4. What Practitioners want from Indicators
I
cannot purport to speak from the point of view of practitioners in
general, for they are as varied and their approaches as diverse as
those of the producers of indicators. My institution is at one and
the same time a modest producer and a practitioner, and we produce
our analyses hand-in-hand with civil society practitioners in the
countries where we work.
Based
on those relationships, I think that it would be fair to say that, in
general, such practitioners (principally human rights NGOs, democracy
movements and research centres) consider that indicators can be
useful tools for their work. The nature of the tool and the use to
which it might be put vary from one context to another : some
want to use indicators as a political tool, to bring national and
international attention or pressure to bear on a government that is
demonstrated to be violating rights and abusing democratic process.

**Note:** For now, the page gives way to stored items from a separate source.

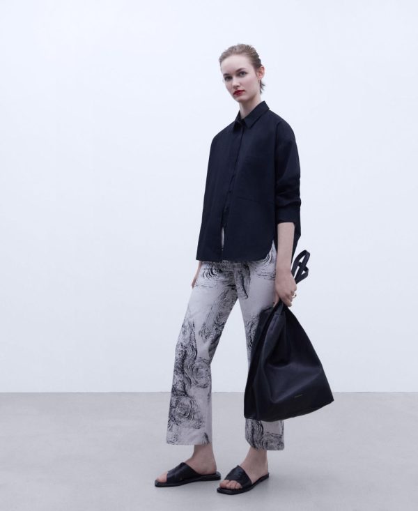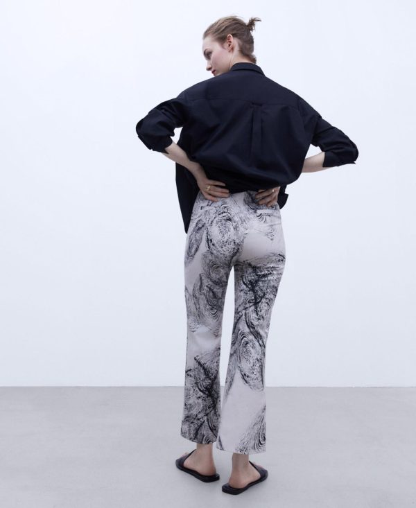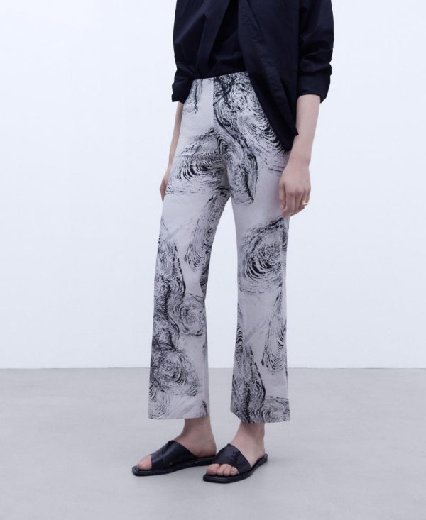 Adolfo Domínguez Pantalones | Pantalón Bordado Inglés En Lino Algodón Blanco Y Negro Mujer
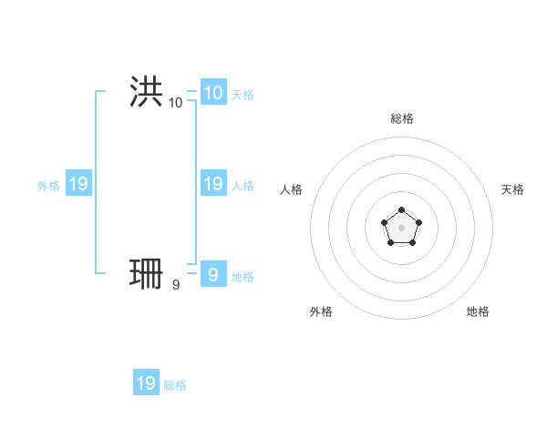 洪 珊さんの総格は19画の1点!
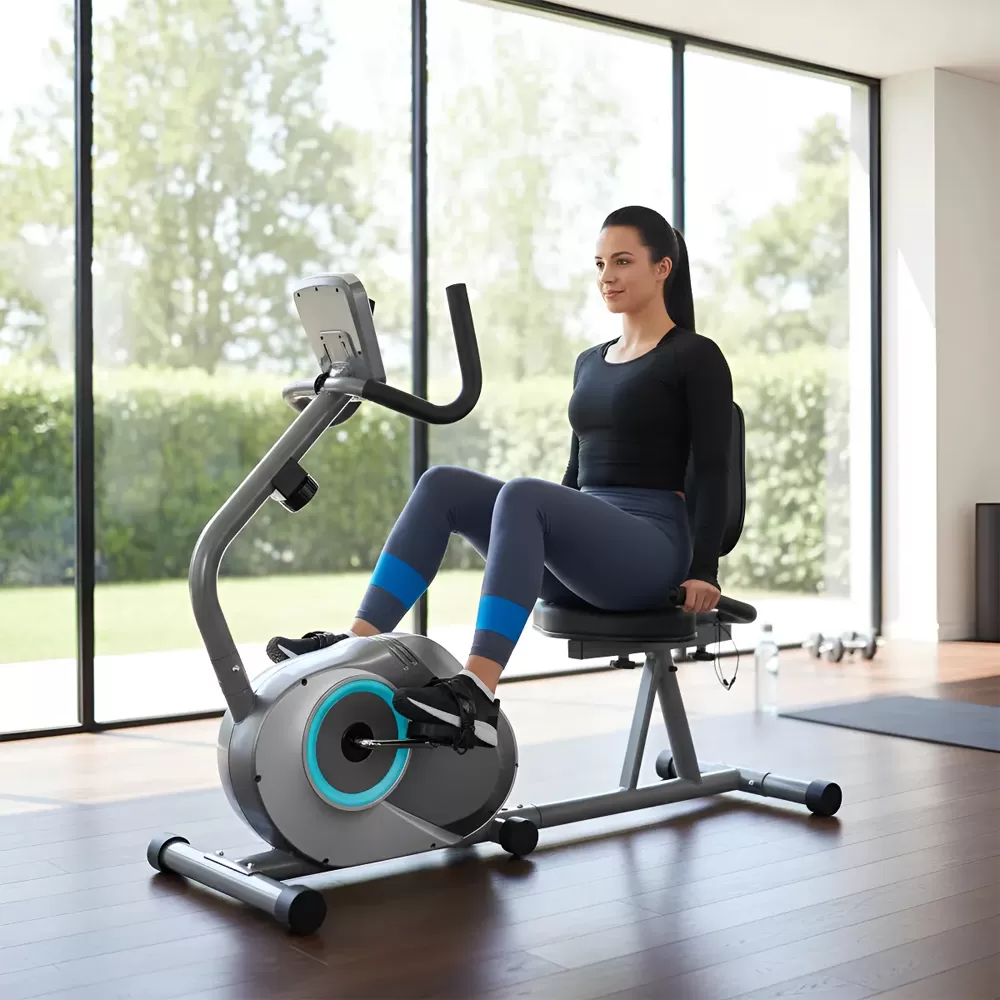 Los manillares ajustables de las bicicletas estáticas verticales le permiten andar en una postura perfecta.
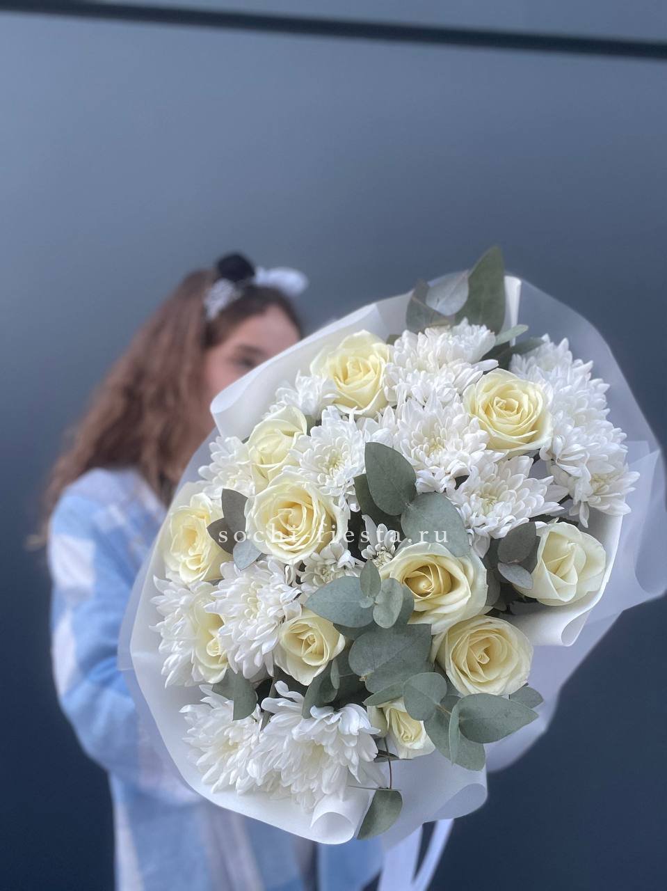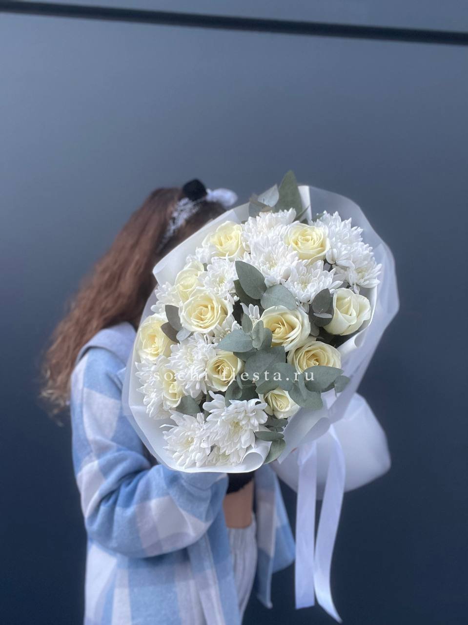 Пастельная гамма с переходами от белого к сливочному создаёт почти акварельный эффект. Гортензия и эустома образуют воздушную текстуру, а кустовая роза добавляет графичности. Букет напоминает летнее утро в саду.
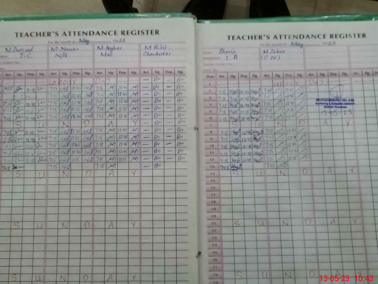 | CNIC | Full Name | Designation | R/C | Absence During Last Calender Month |
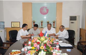 濰坊市市委書記劉運(yùn)與集團(tuán)董事長徐鵬強(qiáng)共同見證集團(tuán)與國外企業(yè)簽署合作協(xié)議
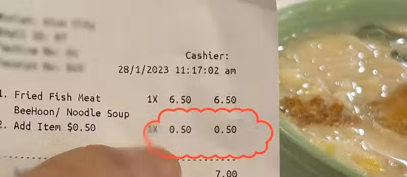 該名女郎Ay Zee於昨天下午3時許,在怡豐城Kopitiam內售賣板面魚湯攤位買了一碗炸魚湯米粉,並添加了淡奶。根據她在臉書上上載的收據顯示,一碗炸魚湯米粉的價格是6元5角,加淡奶後,額外收費5角,共消費7元。

Others use indicators as a policy tool, to develop and advocate
proposals to their own governments or to international institutions
in order to address problems identified through the use of
indicators. Still others see indicators principally as a tool for
their own strategic planning and programming, as individual
organisations or in coalition. In such cases, indicators are used to
identify problem areas and to monitor the impact of activities
designed to address them through the interventions of the NGOs
themselves.
However,
the use of indicators by practitioners is quite incipient, despite a
few notable exceptions (e.g.: CEDAL 1999), and there is not
yet what one might call a « culture of indicators »
in the NGO community. By this, I mean not only that indicators are
little used and little developed by NGOs, but also that there is no
real habit of handling them, no real understanding of how they are
constructed, what the variety of options are, no consciousness of
their faults and limitations. In short, indicators are somewhat
mystified by NGOs. There exists a certain naiveté regarding
what they can and cannot accomplish. Many NGOs tend to think that
indicators will give them knowledge they don't already have
whereas, in most cases, indicators will confirm knowledge that NGOs
already possess about the environment they are working in. Indicators
are a way of ordering, structuring, systematising knowledge in a more
rigorous manner, but they do not often teach us something new about a
reality with which we are already familiar. So, NGOs that don't
work with indicators often tend to have an exaggerated idea of what
indicators will do for them.
Concomitantly,
there is very little training available for NGOs that want to
establish indicators for their own work. Here, perhaps, we begin to
tread the thin line between what NGOs would like to monitor for their
own purposes and the growing insistence by funding institutions that
grantees develop « performance indicators ».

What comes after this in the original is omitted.